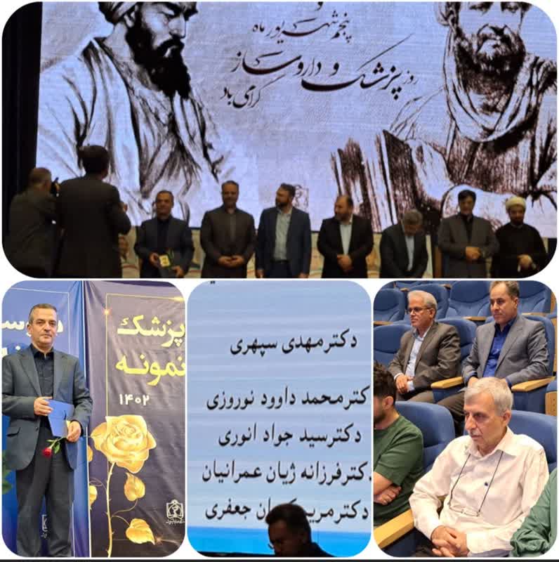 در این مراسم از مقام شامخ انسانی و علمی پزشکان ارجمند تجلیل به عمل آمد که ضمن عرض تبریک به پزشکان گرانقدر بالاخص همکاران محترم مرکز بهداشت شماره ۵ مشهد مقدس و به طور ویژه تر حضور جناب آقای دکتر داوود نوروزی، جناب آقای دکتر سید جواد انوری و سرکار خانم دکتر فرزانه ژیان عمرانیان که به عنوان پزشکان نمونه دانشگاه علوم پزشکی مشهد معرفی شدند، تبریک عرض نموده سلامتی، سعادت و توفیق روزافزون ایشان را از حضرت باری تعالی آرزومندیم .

...

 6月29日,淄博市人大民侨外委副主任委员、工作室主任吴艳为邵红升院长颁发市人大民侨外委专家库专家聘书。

--

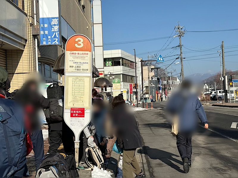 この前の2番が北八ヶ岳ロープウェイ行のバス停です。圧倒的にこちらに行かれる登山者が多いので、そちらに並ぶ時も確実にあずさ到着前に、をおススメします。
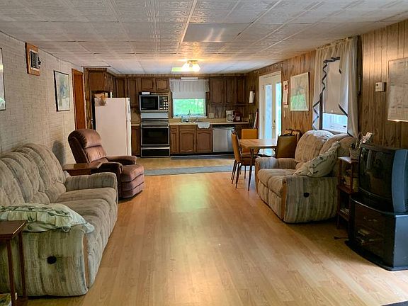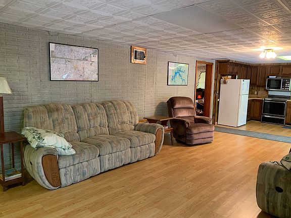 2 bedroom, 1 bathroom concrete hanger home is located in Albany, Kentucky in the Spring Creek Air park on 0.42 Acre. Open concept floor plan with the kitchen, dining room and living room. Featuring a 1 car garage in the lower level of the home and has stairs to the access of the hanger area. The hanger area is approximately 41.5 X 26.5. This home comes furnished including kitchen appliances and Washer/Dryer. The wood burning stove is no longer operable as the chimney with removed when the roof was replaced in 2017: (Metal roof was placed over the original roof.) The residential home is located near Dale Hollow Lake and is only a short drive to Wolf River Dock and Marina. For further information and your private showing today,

**Exercise objective:** Between and including the line with "この前の2番が北八ヶ岳ロープ" and the line with "2 bedroom, 1", repeat every line exactly as it appears above, with pictures left out.

**Answer box:**
 この前の2番が北八ヶ岳ロープウェイ行のバス停です。圧倒的にこちらに行かれる登山者が多いので、そちらに並ぶ時も確実にあずさ到着前に、をおススメします。
 2 bedroom, 1 bathroom concrete hanger home is located in Albany, Kentucky in the Spring Creek Air park on 0.42 Acre. Open concept floor plan with the kitchen, dining room and living room. Featuring a 1 car garage in the lower level of the home and has stairs to the access of the hanger area. The hanger area is approximately 41.5 X 26.5. This home comes furnished including kitchen appliances and Washer/Dryer. The wood burning stove is no longer operable as the chimney with removed when the roof was replaced in 2017: (Metal roof was placed over the original roof.) The residential home is located near Dale Hollow Lake and is only a short drive to Wolf River Dock and Marina. For further information and your private showing today,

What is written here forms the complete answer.